WHAT THE TASK REQUIRES
Only the lines from the start of the data through the line with "Рассада томатов в" belong in the copy. Restate them word for word, minus the pictures.

=== GIVEN RECORDS ===

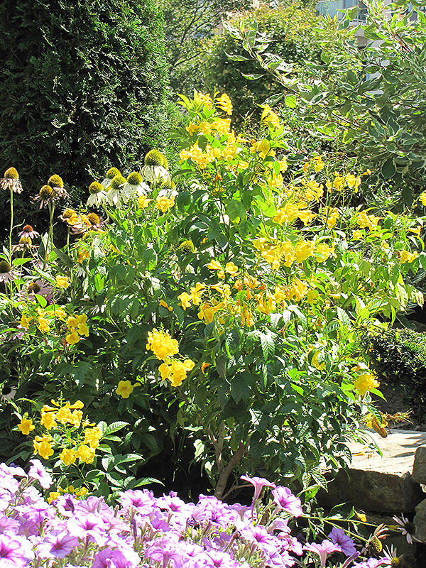 A heat loving, full sun, compact shrub with a tropical appearance, producing clusters of showy, bright yellow trumpet flowers all season long; a stunning landscape or garden accent
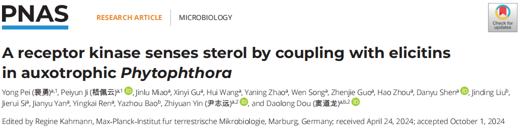 10月30日,南京農業大學植物保護學院竇道龍教授團隊破解疫霉菌感知利用寄主甾醇的獨特機制。相關文章“A receptor kinase senses sterol by coupling with elicitins in auxotrophic Phytophthora”發表在《PNAS》期刊。
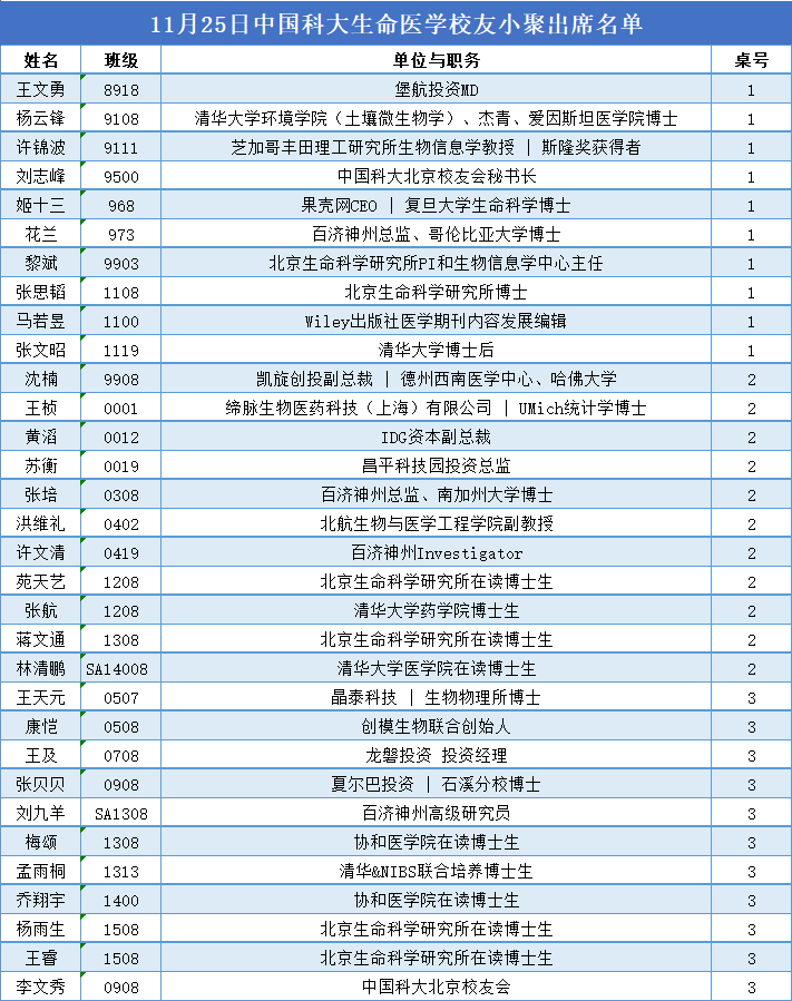 参考名单:如下是2018年与2021年两次由北京校友会进行生医校友会相关名单。北京校友会确信,2025年7月15日的活动将是“过去七年来,北方地区中国科大生命医学校友层次最高的聚会“。
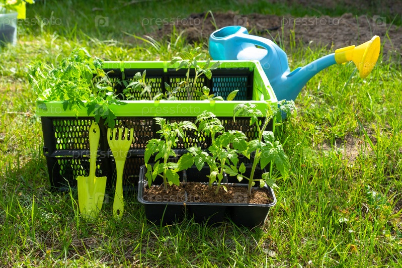 Рассада томатов в торфяных стаканах в ящике для посадки на грядку весной
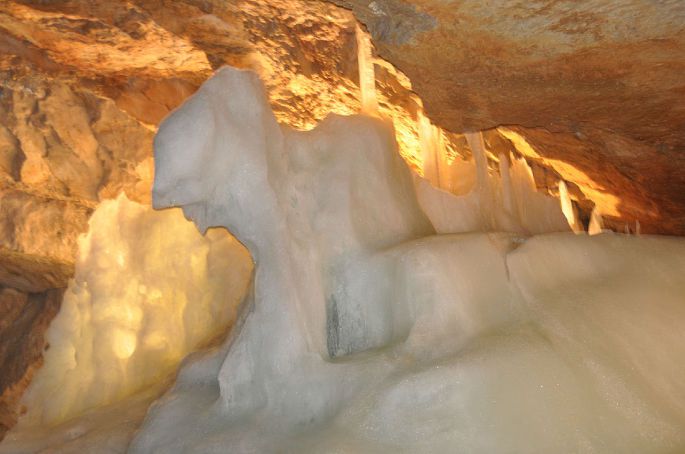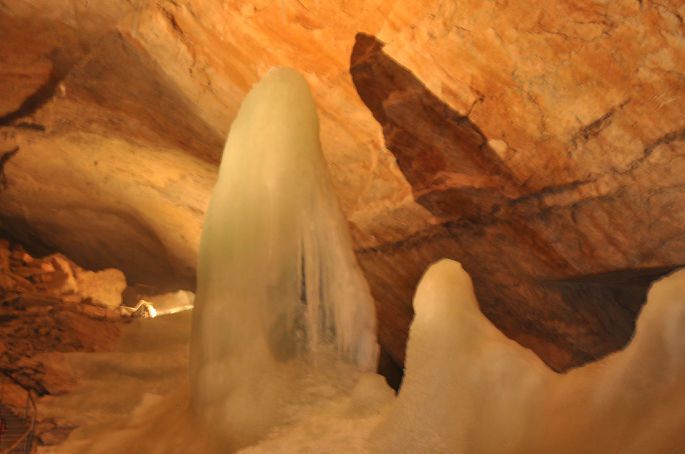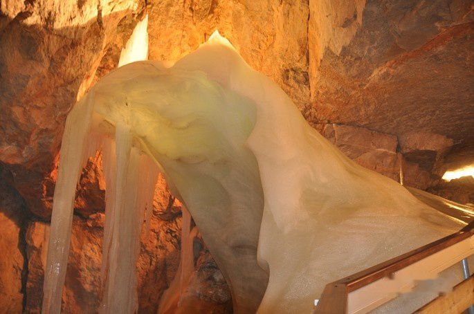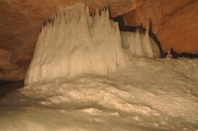 已经有不少人在等候,也不知道是干什么,就一起傻等吧。五月的奥地利,已经是春暖花开。温度已经有20多摄氏度,我只穿了一件短袖球衣和短裤,外带了一件防雨的薄衣。等了一会儿,门开了,一群人等,一起进了山洞。黑麻麻的什么都看不见,门口还有人问是那国的。还没等我反应过来,一张中文的硬朔纸片,已经塞到我手里。是一张景点和注意事项的说明书。纸上说明不能落队,因为每段景点是过了就关灯。啊!那么恐怖?这到底是什么洞啊。随着**往前走,冰!是冰,洞里渗出阵阵寒气。穿上薄风衣也等于没穿。我都快成冰棍啦。随着灯光亮起,一片片千年寒冰,排立在面前。我还从来没有见过在洞里的藏冰,跟钟乳石一样多姿多彩,绚丽无比。感叹老天神笔。
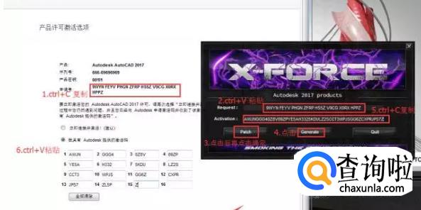 把申请号复制到注册机里面的Request中,在点击Patch;再点击Generate后复制Activeation中生成的激活码进去;
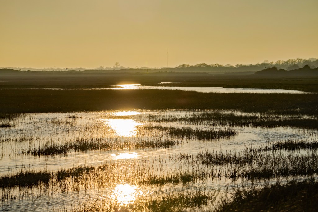 This day deserved a perfect ending. Golden sun reflecting from the waters of a nature reserve where a day subsides into restful peace, marked by whistling curlews and distant geese honking as they settled for the night. This is bliss.
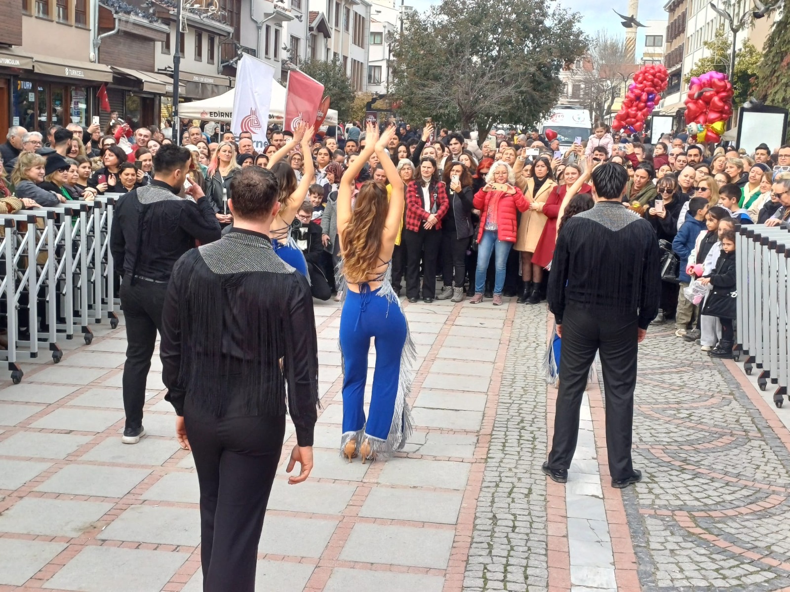 Edirne Belediyesi, 14 Şubat Sevgililer Günü dolayısıyla Saraçlar Caddesi’nde etkinlik gerçekleştirdi. Geleneksel hale gelen 14 Şubat etkinliğinde caddede çeşitli etkinlik alanları oluşturulurken, kurulan sahnede de konser ve dans gösterileri sergilendi. Programda  ‘Sevgiye Bir Kare, Edirne’ye Bir Hatıra’ konseptiyle fotoğraf çekimi yapılan çiftlerin mutlu anları LED ekrana yansıtıldı.
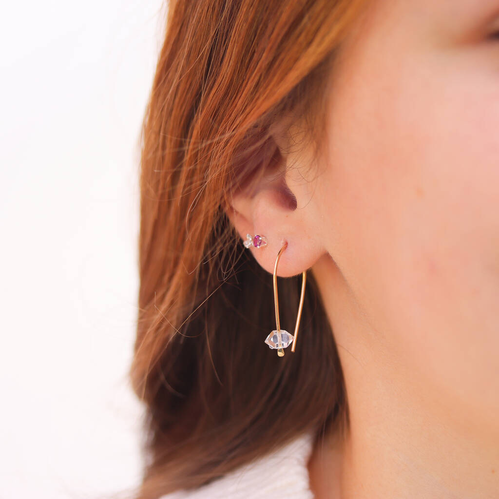 These herkimer diamond earrings are simple, minimalist drop earrings that feature a single Herkimer diamond at the end of a long open earring.The quality of the stones is remarkably stunning - they are so clear, bright and beautiful. The stones are held up by a simple hammered end of the earring, and the rest of the earwire loops up and back through your ears.
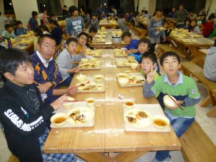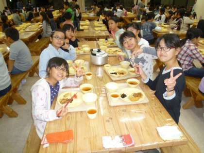 キャンプファイヤーに備えて、みんな、いっぱい食べました。食堂の皆さん、ありがとうございました!
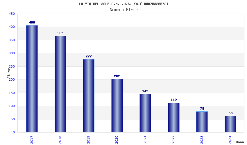 | Anno | Firme | Importi | Media | Naz. | Reg. | Prov. | Comu. |
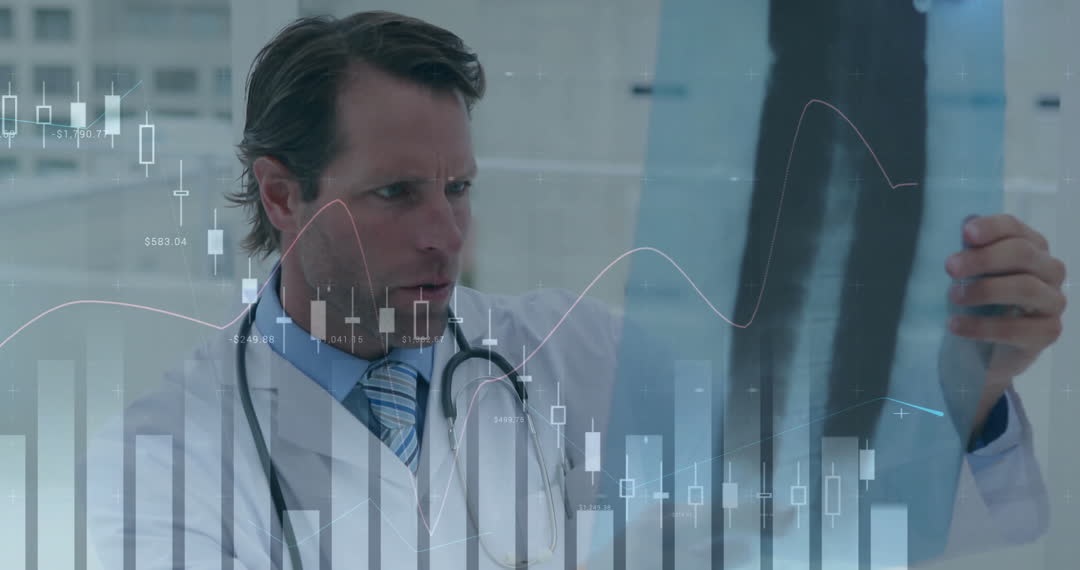 - Doctor Analyzing X-Ray Overlaid with Stock Market Data
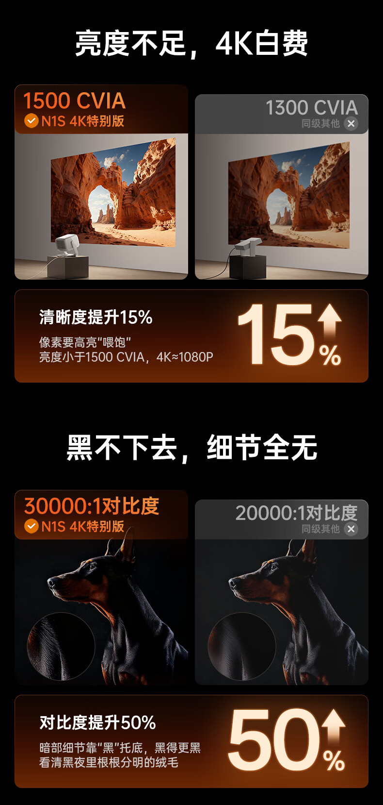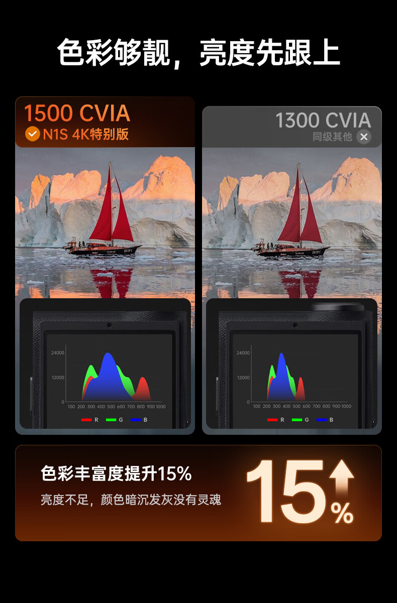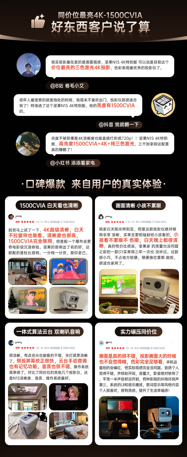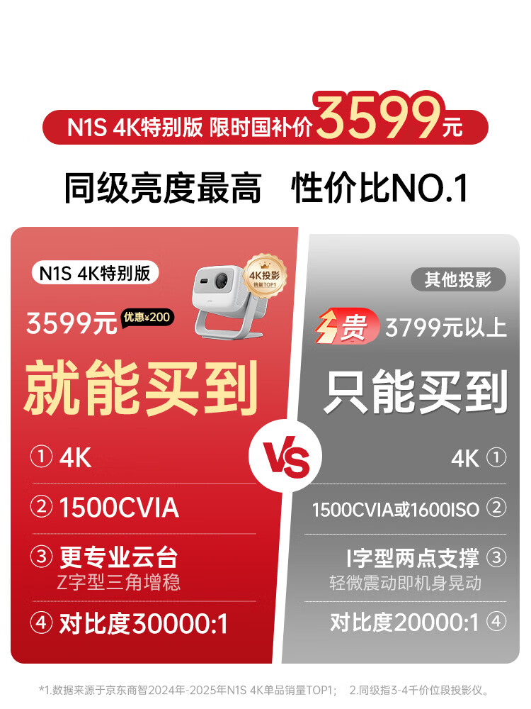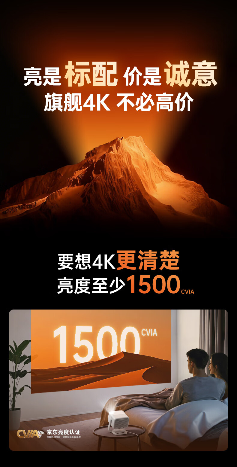 坚果投影(JMGO)N1S 4K特别版 三色激光云台投影仪家用 1500CVIA高亮 4K超高清智能家庭影院国家补贴
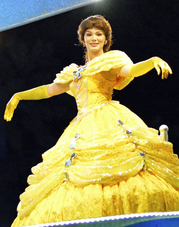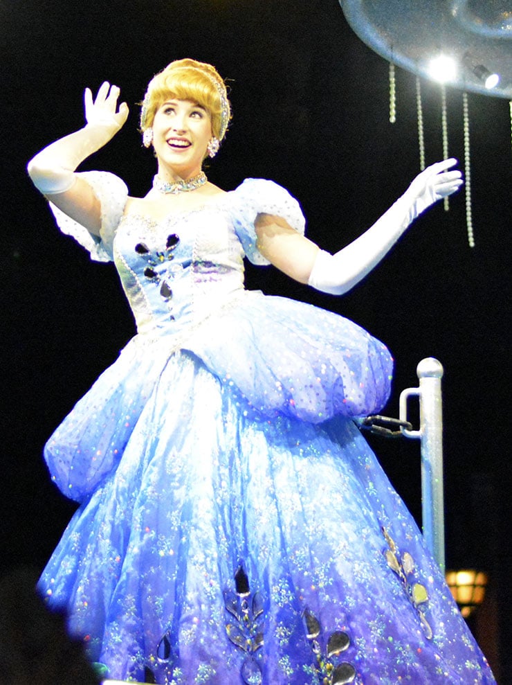 光のマジックによって様々な色に変化するフロートに乗って最初にやってくるのは、『眠れる森の美女』に登場する3人の妖精、フローラ・フォーナ・メリーウェザーです。
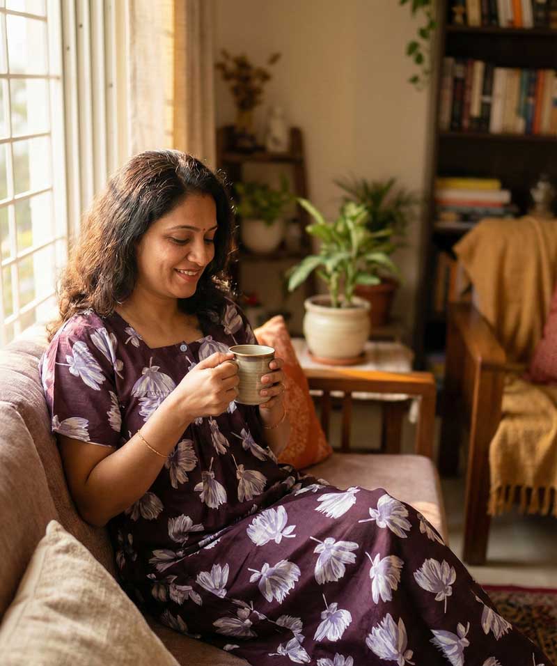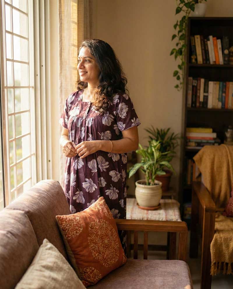 This nighty can be hand washed or a normal machine washed with cold water. Please make sure to dry the nighty in a light shade away from direct sunlight.
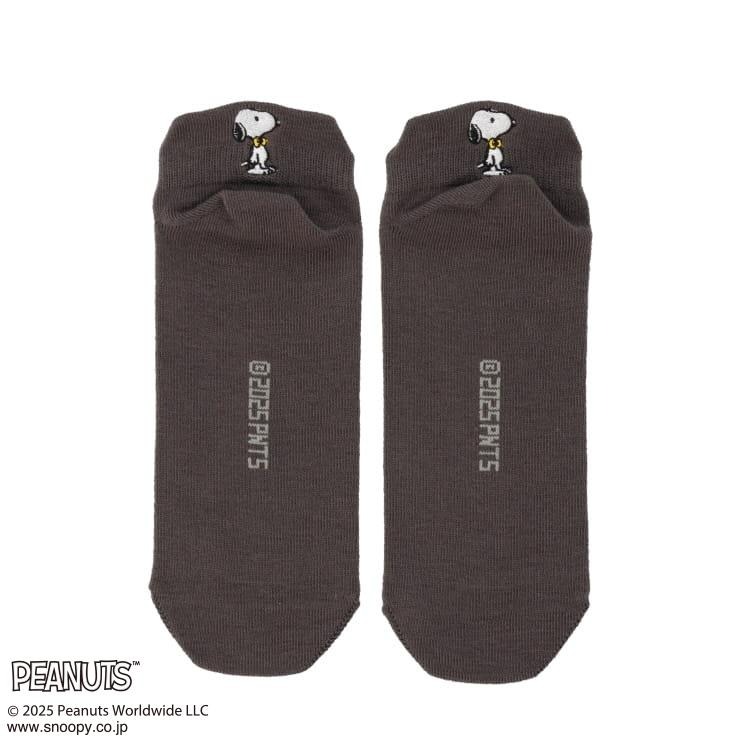カジュアルになりすぎないさりげないPEANUTSデザインがポイントのソックス。

===

EXERCISE SOLUTION
 A heat loving, full sun, compact shrub with a tropical appearance, producing clusters of showy, bright yellow trumpet flowers all season long; a stunning landscape or garden accent
 10月30日,南京農業大學植物保護學院竇道龍教授團隊破解疫霉菌感知利用寄主甾醇的獨特機制。相關文章“A receptor kinase senses sterol by coupling with elicitins in auxotrophic Phytophthora”發表在《PNAS》期刊。
 参考名单:如下是2018年与2021年两次由北京校友会进行生医校友会相关名单。北京校友会确信,2025年7月15日的活动将是“过去七年来,北方地区中国科大生命医学校友层次最高的聚会“。
 Рассада томатов в торфяных стаканах в ящике для посадки на грядку весной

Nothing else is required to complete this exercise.